Memphis Beat is an American crime comedy-drama television series created by Joshua Harto and Liz W. Garcia that aired on TNT from June 22, 2010, to August 16, 2011, with a total of 20 episodes spanning two seasons. It was produced by Smokehouse Productions, in association with Warner Horizon Television.

On October 14, 2011, TNT canceled the series of Memphis Beat after two seasons.

==Overview==
The show follows Dwight Hendricks (Jason Lee), a police detective assigned to the General Assignment division of the MPD, who loves his mother, the blues, his city, and Elvis Presley and calls himself "the keeper of Memphis". His passionate devotion to his hometown is offset by his relaxed approach to his job, an attitude that frustrates by-the-book Lt. Tanya Rice (Alfre Woodard), his new boss.

==Cast and characters==
- Jason Lee as Detective Dwight Hendricks
- Alfre Woodard as Lieutenant Tanya Rice
- Sam Hennings as Detective Charles "Whitehead" White
- DJ Qualls as Police Officer Davey Sutton
- Celia Weston as Paula Ann Hendricks
- Leonard Earl Howze as Detective Reginald Greenback
- Abraham Benrubi as Sgt. JC Lightfoot (Season 1)

==Development and production==
Jason Lee said he was drawn to the show because the concept was original and the protagonist was fun to play.
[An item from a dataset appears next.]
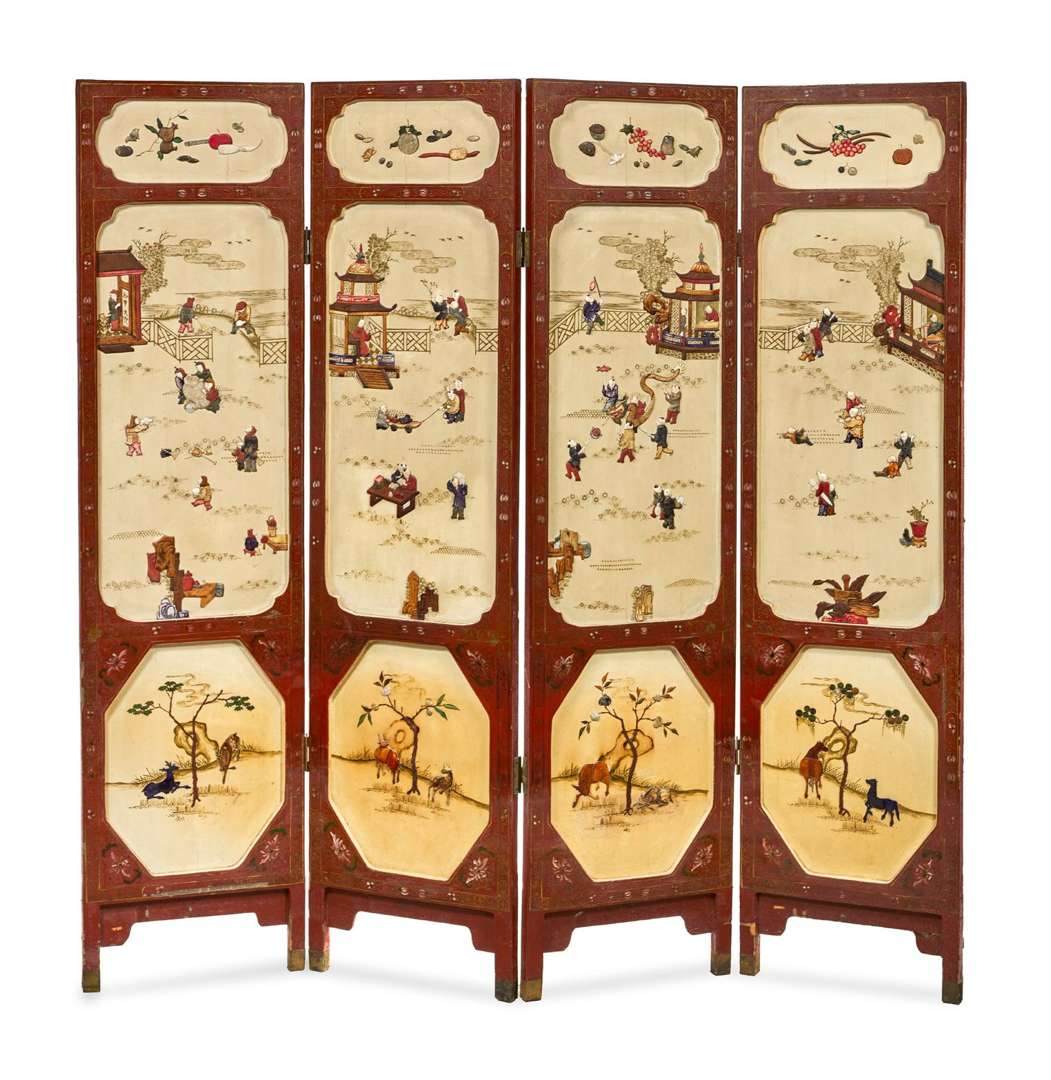 Paravent à quatre panneaux en bois laqué, à décor incrusté en pierres dures diverses et défense de morse de jeux d'enfants dans un jardin et de fruits et d'animaux dans les registres inférieur et supérieur, l'autre face ornée d'insectes et de végétaux sur fond cognac. Dim. un panneau 183 × 45,5 cm Dim. totale 183 x 186 cm (Accidents et usures)

Lee said, "The whole package was unique and once I came to found the character and the material and the scenarios and his relationships and he's such a great guy and is so multi-layered and cares such a great deal for his city and his family and the people that he's protecting." Lee listened to hundreds of Presley songs in preparation for the role, and said his respect for the artist grew as a result. The vocals for Lee's character are sung by Mark Arnell.

The title Delta Blues was originally considered, but it was eventually changed to Memphis Beat. The show was created by married couple Joshua Harto and Liz W. Garcia, with actor George Clooney and his production partner writer/actor/director Grant Heslov serving as executive producers. Harto and Garcia wrote the first two episodes of the series. Liz Garcia said of the show, "Broadcast TV is being influenced by cable in so many ways in terms of reinventing genres and taking chances, and this is part of it. ... The forefront of creativity is on cable TV."

Despite the show's setting, the first season was primarily filmed in Laplace, LA, and New Orleans, LA, with only some key locations and exteriors filmed in Memphis. This has largely been attributed to the better tax incentives by filming in a state other than Tennessee.

On September 16, 2010, TNT announced that Memphis Beat was renewed for a second season, the first episode of which was broadcast June 14, 2011.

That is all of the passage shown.